My knowledge of Radu Lupu only lived on hearing his recording of some Brahms pieces (Op.118 especially, as I was working on it a few years back) and also the fact that my teacher and Lupu have studied with the same teacher. So, the lights dimmed, people’s chatter came through a diminuendo, stage door opened, my heart raced. Imaginging he would be dressed fancily in a tux perhaps – white and black – huge in physique and presence, but there he stepped out, all in black unassumingly. He carried an aura that was definitely present and noble – “royal” even, a word that has crossed my mind a few times during his performance. He reminded me of the late Brahms, but perhaps with a smaller physique, and of course he sat down at the piano on a very normal looking chair, back leaned against the back of the chair, and the music began.

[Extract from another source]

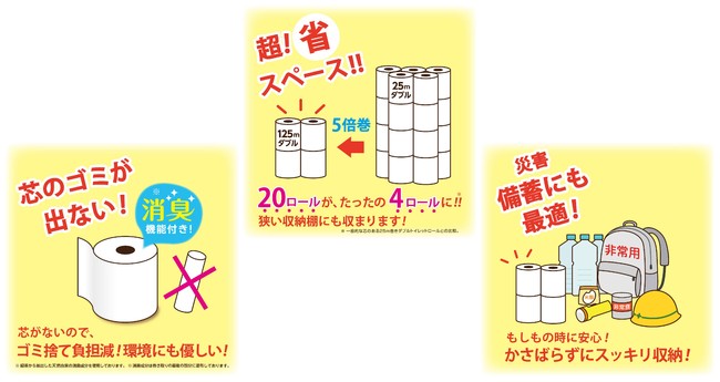 通常20ロールがたった4ロールのボリュームに収まるため、保管スペースに余裕が生まれます。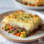 This Easy Shepherd’s Pie recipe features a savory ground lamb or beef filling cooked with onions, garlic, carrots, and herbs, topped with creamy mashed potatoes and baked until golden. A comforting and classic dish perfect for an effortless weeknight dinner.

I remember reading in the programme notes that Beethoven’s piano concerto No.3 was influenced by a Mozart concerto, and I thought Lupu’s rendition of the 1st movement had captured more charm and playfulness of Mozart which I never thought could be heard here. (Just a note: Lupu brought out some left hand “melodies” at the end of a predominanty right-hand melodic passage and the right hand withdrew to only provide colour backgrounds – perhaps not too Beethovenian?). As the 1st movement ended, there was such loudness in people’s coughing, shifting in their seats, talking, brushing hair – and Lupu sat on stage when all this was dying down, very gently and softly began the 2nd movement. After just about three chords into the movement, my tears rushed down – I felt my soul soaring into the air outside the hall into the Rheinland, the breeze and the taste of the soil after a gentle rain, how Beethoven would be pacing in the love nature provides… I didn’t want it to end but the third movement did proceed. I thought this was perhaps the most “Beethovenian” movement out of all three, and concluded the concert very well.
I think generally when people go to classical concerts, it is difficult not to appreciate the music from a critical point of view: how beautifully was the toned carried out, how nicely was the phrasing made, how intellectual was the whole structure planned out, how impaccable was the technique, and the list goes on. Perhaps we all have a little checklist and we subconsciously check what we like and don’t like. But tonight’s concert, it really had brought me into a living experience, into to the artful world of sound that was resonating in the concert hall which set my imagination free (even so, I still did a little bit of the “checklist” as you might have noticed from the above paragraph.. professional flaw?).
He was one of the very few “older generation” pianists I’ve heard live – after I think Lazar Berman (11 years ago?) and Fu Ts’ong. I savour this experience.
This is when they say, to go to a concert and have your soul cleansed.
(p.s. sorry Laomi I got your message after the concert… hope you enjoyed it as much as I did.)